Source material:
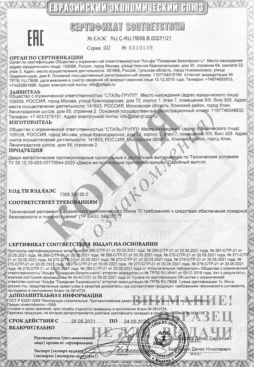 Класс огнестойкости: EI 60 (EIW). Время до потери целостности при пожаре не менее 1 часа.
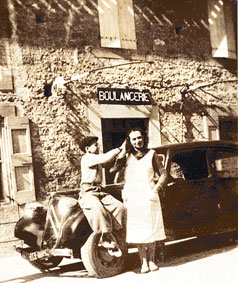 Georges et sa mère devant la boulangerie de Puginier (1945)
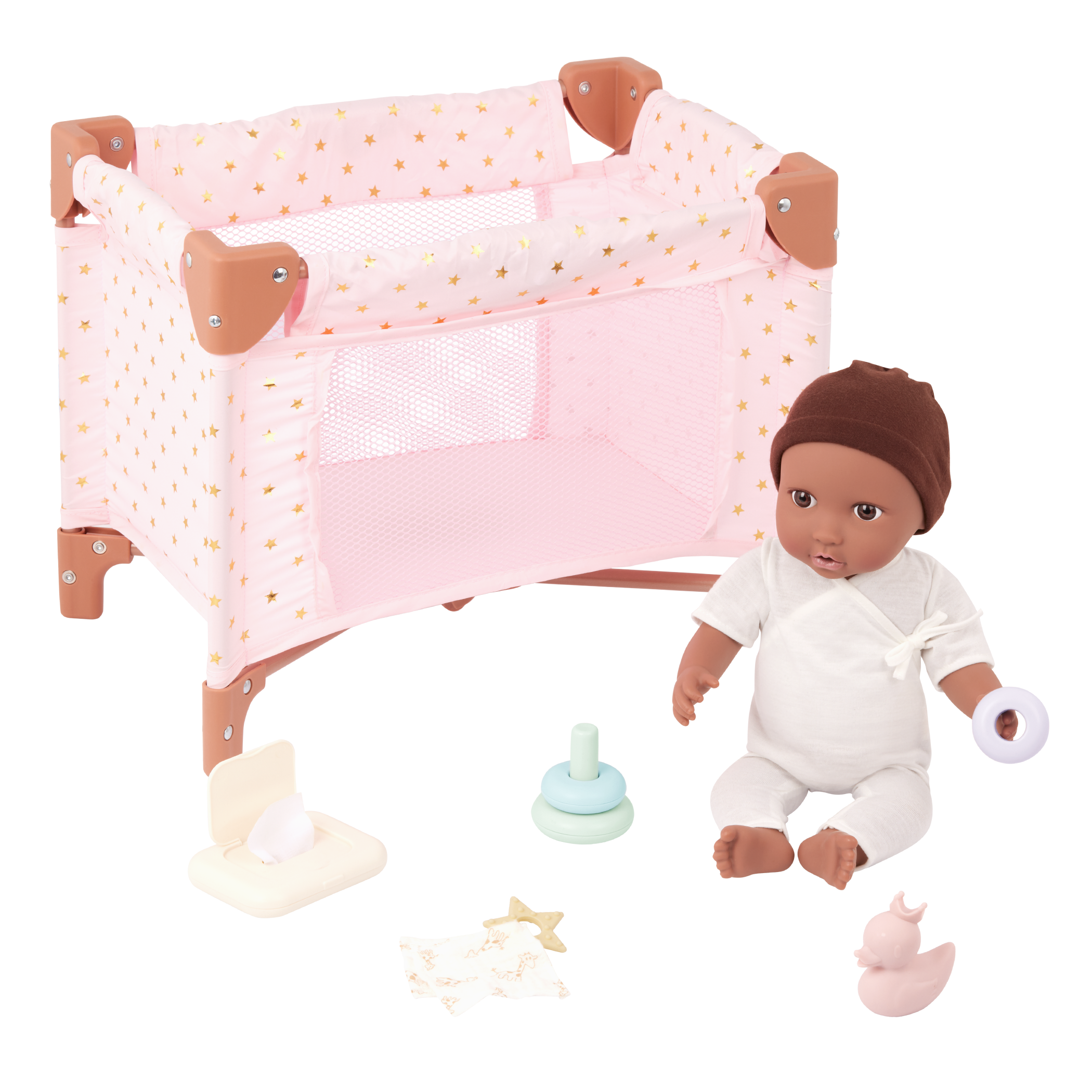 From mealtime to travel time and beyond, little ones can nurture their baby doll with a stylish collection of realistic accessories.
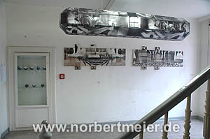 ![]() Wagenhallen, ca. 1916 Foto: Baumann / Stadtarchiv Bielefeld Installation: Norbert Meier, 2006 |
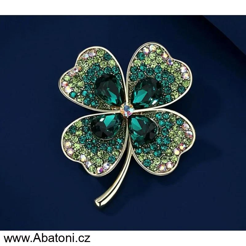 Pozlacená brož ve tvaru čtyřlístku pro štěstí, ozdobená krystaly. Krásně doplní a oživí vaše šaty nebo sako, ale i šálu nebo čepici. Brož se zapíná sponou ze zadní strany.
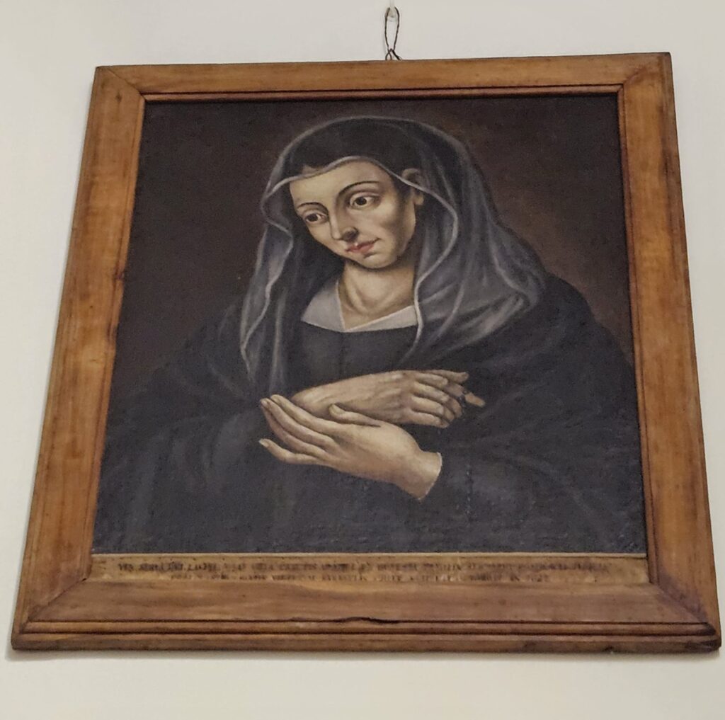 A questo punto ci permettiamo di consigliare non solo videocamere, ma anche un sistema di allarme “ad hoc”, magari chiudendo il quadro all’interno di una apposita teca. Si parla di questa straordinaria Piccola Donna nata nel 1588 è morta solo a 35 anni fautrice generosa dell’edificazione della chiesa Santa Maria dei Monti.

Required work: Please return the material above only from the line that holds "Georges et sa" through the line that holds "From mealtime to", exactly as it stands, ends included and pictures omitted.

Response:
 Georges et sa mère devant la boulangerie de Puginier (1945)
 From mealtime to travel time and beyond, little ones can nurture their baby doll with a stylish collection of realistic accessories.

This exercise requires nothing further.